Task instructions - I'd like the data below restated word for word, with the pictures left out.

══ Given information

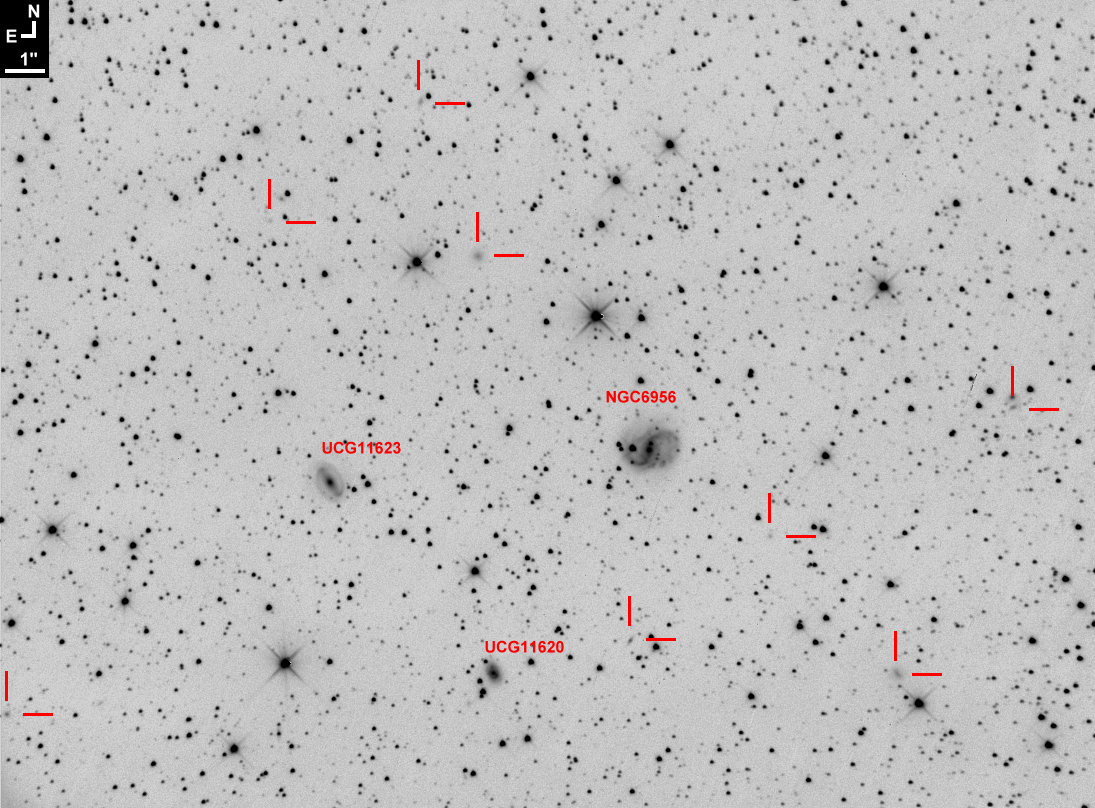 Nella stesso campo sono presenti oltre alle galassie numerate altre (segnate da un crocicchio rosso) molto deboli.
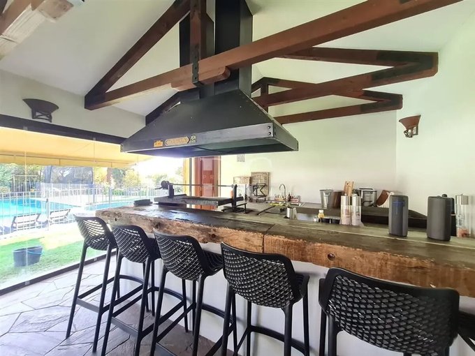 * Quincho cerrado con cristal plegable y ventanales termopanel, vigas a la vista, muros de piedra, piso de piedra.
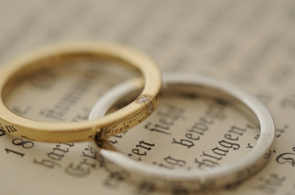 四角いリングに、女性には3面にダイヤモンドが入っています。ダイヤは彫留めで、トップ、両サイドのダイヤの周りにはミルグレインを施しました。
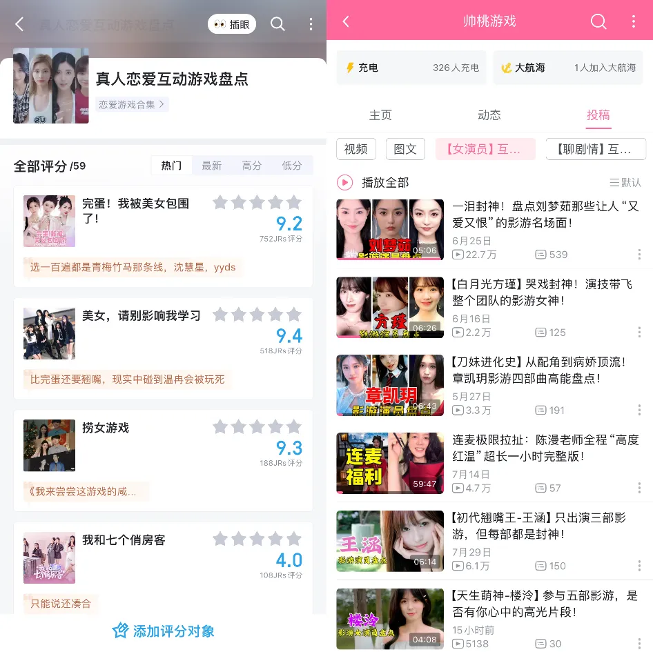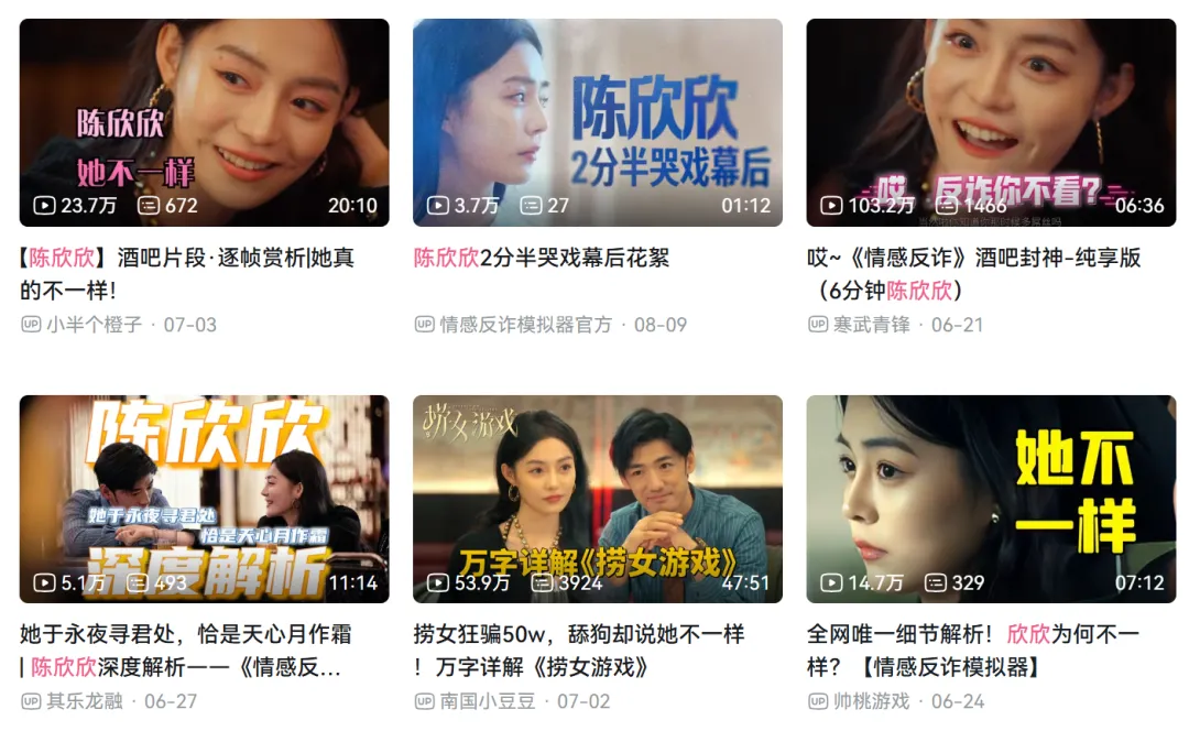 上游不会无缘无故加码,能够如此内卷、如此专业,也得益于下游形成了稳定的影游消费群体。长剧有内娱,短剧有短娱,而如今,以男性为主的“影游娱”也默默成型,出现了影游排雷种草、资讯播报的垂直UP主,也有女演员在这里涨粉、深耕,形成近乎断层的号召力。
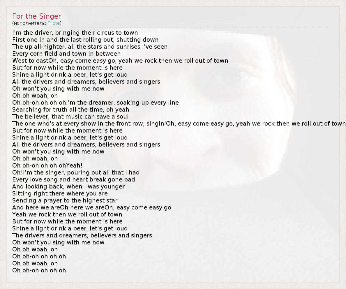 The one who's at every show in the front row, singin'Oh, easy come easy go, yeah we rock then we roll out of town
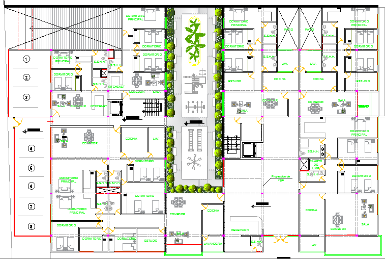 Structure with center garden multi-family ad multi-flooring housing building dwg file.
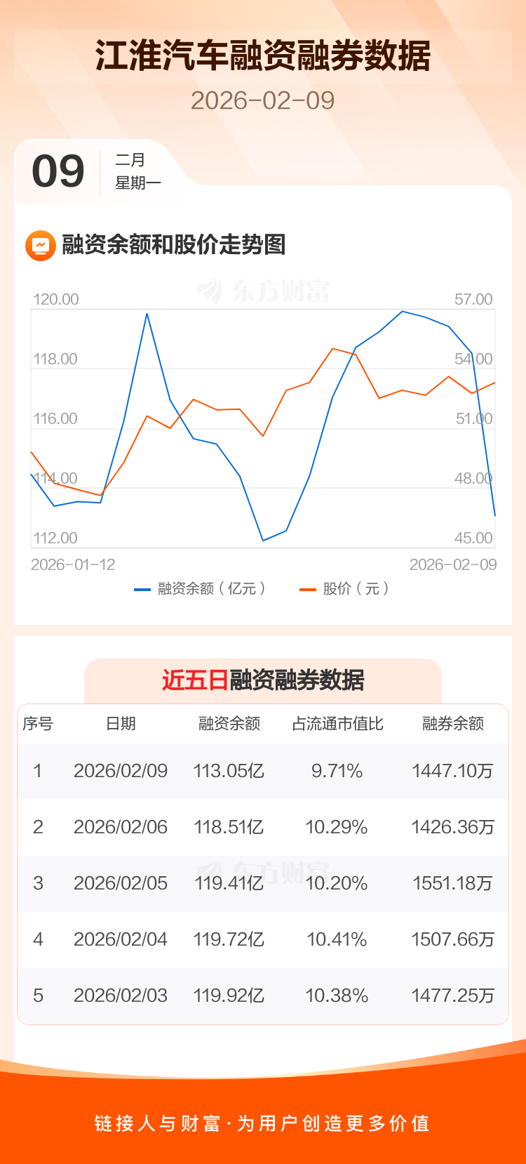江淮汽车:融资净偿还5.45亿元,融资余额113.05亿元
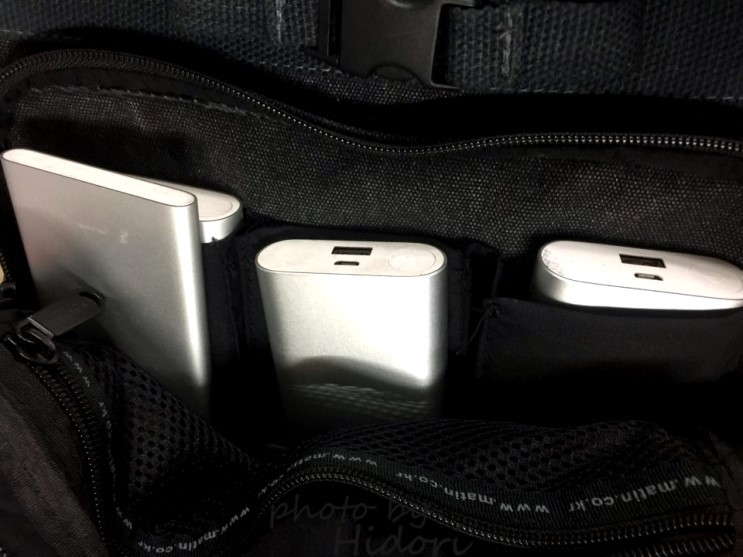 - 전자기기 수납: 앞쪽 주머니식 수납공간은 보조배터리 등 전자기기를 안전하게 보관할 수 있습니다.
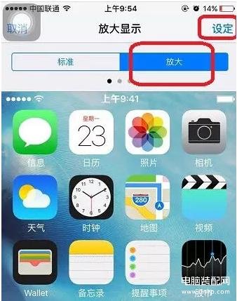 然后选择「放大」功能,再点击右上角的「设定」,如下图:
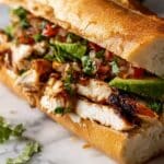 This Flavor-Packed Chicken Torta Sandwich features tender, marinated chicken cooked to juicy perfection and layered with creamy avocado, refried beans, fresh vegetables, and tangy pickled jalapeños on toasted telera or bolillo rolls. A perfect blend of smoky chipotle and fresh toppings makes it a delicious and satisfying Mexican-inspired sandwich.
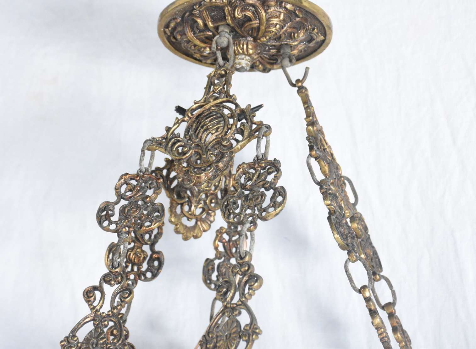 Lustre de bronze e cristal para 8 luzes, pingentes lapidados.
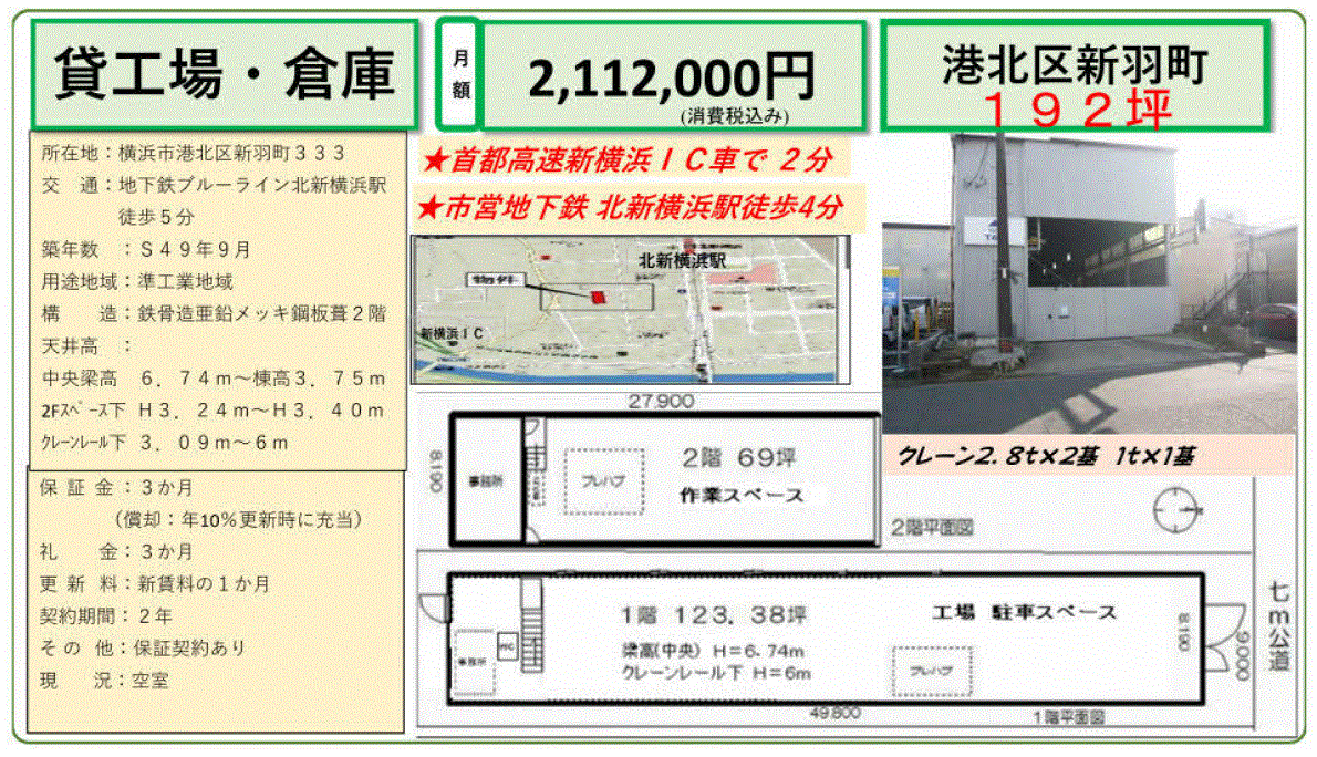 クレーン付き工場倉庫 2.8t×2基、1t×1基 駅近徒歩5分 一棟貸し 首都高速神奈川7号横浜北線「新横浜インター」約400m(直線距離) |

════

Solution for this task -
 Nella stesso campo sono presenti oltre alle galassie numerate altre (segnate da un crocicchio rosso) molto deboli.
 * Quincho cerrado con cristal plegable y ventanales termopanel, vigas a la vista, muros de piedra, piso de piedra.
 四角いリングに、女性には3面にダイヤモンドが入っています。ダイヤは彫留めで、トップ、両サイドのダイヤの周りにはミルグレインを施しました。
 上游不会无缘无故加码,能够如此内卷、如此专业,也得益于下游形成了稳定的影游消费群体。长剧有内娱,短剧有短娱,而如今,以男性为主的“影游娱”也默默成型,出现了影游排雷种草、资讯播报的垂直UP主,也有女演员在这里涨粉、深耕,形成近乎断层的号召力。
 The one who's at every show in the front row, singin'Oh, easy come easy go, yeah we rock then we roll out of town
 Structure with center garden multi-family ad multi-flooring housing building dwg file.
江淮汽车:融资净偿还5.45亿元,融资余额113.05亿元
 - 전자기기 수납: 앞쪽 주머니식 수납공간은 보조배터리 등 전자기기를 안전하게 보관할 수 있습니다.
 然后选择「放大」功能,再点击右上角的「设定」,如下图:
 This Flavor-Packed Chicken Torta Sandwich features tender, marinated chicken cooked to juicy perfection and layered with creamy avocado, refried beans, fresh vegetables, and tangy pickled jalapeños on toasted telera or bolillo rolls. A perfect blend of smoky chipotle and fresh toppings makes it a delicious and satisfying Mexican-inspired sandwich.
 Lustre de bronze e cristal para 8 luzes, pingentes lapidados.
 クレーン付き工場倉庫 2.8t×2基、1t×1基 駅近徒歩5分 一棟貸し 首都高速神奈川7号横浜北線「新横浜インター」約400m(直線距離) |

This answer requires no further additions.